Not exactly a newsflash

It's hardly news that the NY Times no longer makes even a pretense of being unbiased. But they outdid themselves this morning.

Mitt Romney is visiting London, and yesterday was asked by NBC what he thought of the security preparations for the Games. In an effort to show that he had been briefed and was on top of things, he replied, "There are a few things that were disconcerting, the stories about the private security firm not having enough people, the supposed strike of the immigration and customs officials, that obviously is not something which is encouraging."

Today the NY Times had a large picture of Romney, spanning four columns at the top of the front page, with the following caption:

"An Awkward Exchange in London.

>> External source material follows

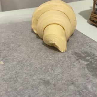 - Détailler ensuite vos croissants : détailler des triangles de 9cm de base et 30cm de hauteur. Rouler le croissant.

Mitt Romney leaving 10 Downing Street on Thursday, began a trip abroad aimed at showing off his diplomatic skills by questioning London's preparedness for the Olympics, prompting a tart reply from Prime Minister David Cameron of Britain."

Is the Newspaper of Record supposed to drip with sarcasm?

(By the way, it's pretty obvious that NBC, the on air equivalent of the Times, wanted to get Romney on the record saying that the security arrangements were perfectly good -- just in case there are any breaches during the Games.)

If they weren't so biased, imagine the fun the Times could have had when Barack Obama showed off his diplomatic skills by presenting Queen Elizabeth with the official state gift of an iPod filled with his speeches:

"Ego Problems Anyone?"

"Queen Elizabeth's Insomnia Finally Cured."

Or, "This'll Sure Keep Her up at Night."

"That's a Gift?"

"Second Prize, Two iPods."

But no. At least give the Times credit for consistency. They never, ever veer from the party line.